■ Supplied material
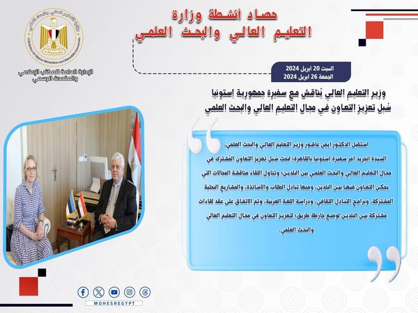 1) استقبل الدكتور أيمن عاشور وزير التعليم العالي والبحث العلمي، السيدة أنجريد آمر سفيرة إستونيا بالقاهرة؛ لبحث سُبل تعزيز التعاون المُشترك في مجال التعليم العالي والبحث العلمي بين البلدين؛ وتناول اللقاء مناقشة المجالات التي يمكن التعاون فيها بين البلدين، ومنها تبادل الطلاب والأساتذة، والمشاريع البحثية المشتركة، وبرامج التبادل الثقافي، ودراسة اللغة العربية، وتم الاتفاق على عقد لقاءات مشتركة بين البلدين لوضع خارطة طريق؛ لتعزيز التعاون في مجال التعليم العالي والبحث العلمي.
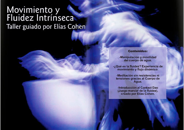 En el taller se abordará la “Manipulación y movilidad del cuerpo de agua”, “¿Qué es la fluidez? Experiencia de movimiento y flujo dinámico”, “Meditación sin resistencias ni tensiones gracias al cuerpo del agua” e “Introducción al Contact Dao” (juego marcial de la fluidez), creado por Elías Cohen.
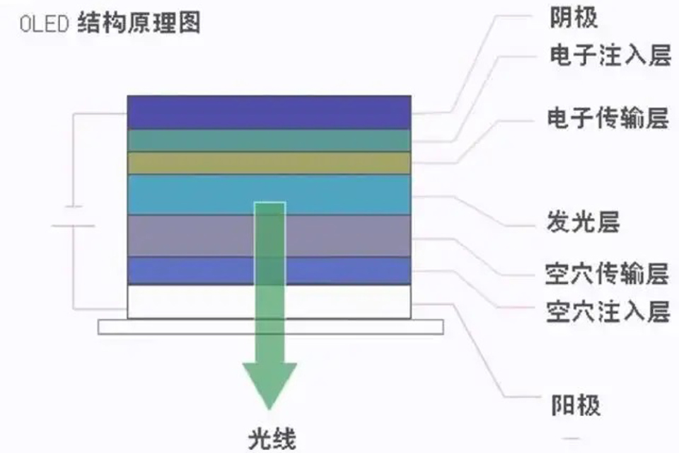 The main structure of an OLED consists of an organic light-emitting layer and a glass substrate.

■ About this task
Skipping the pictures, transcribe each line above exactly as it appears.

■ Response to the exercise
 1) استقبل الدكتور أيمن عاشور وزير التعليم العالي والبحث العلمي، السيدة أنجريد آمر سفيرة إستونيا بالقاهرة؛ لبحث سُبل تعزيز التعاون المُشترك في مجال التعليم العالي والبحث العلمي بين البلدين؛ وتناول اللقاء مناقشة المجالات التي يمكن التعاون فيها بين البلدين، ومنها تبادل الطلاب والأساتذة، والمشاريع البحثية المشتركة، وبرامج التبادل الثقافي، ودراسة اللغة العربية، وتم الاتفاق على عقد لقاءات مشتركة بين البلدين لوضع خارطة طريق؛ لتعزيز التعاون في مجال التعليم العالي والبحث العلمي.
 En el taller se abordará la “Manipulación y movilidad del cuerpo de agua”, “¿Qué es la fluidez? Experiencia de movimiento y flujo dinámico”, “Meditación sin resistencias ni tensiones gracias al cuerpo del agua” e “Introducción al Contact Dao” (juego marcial de la fluidez), creado por Elías Cohen.
 The main structure of an OLED consists of an organic light-emitting layer and a glass substrate.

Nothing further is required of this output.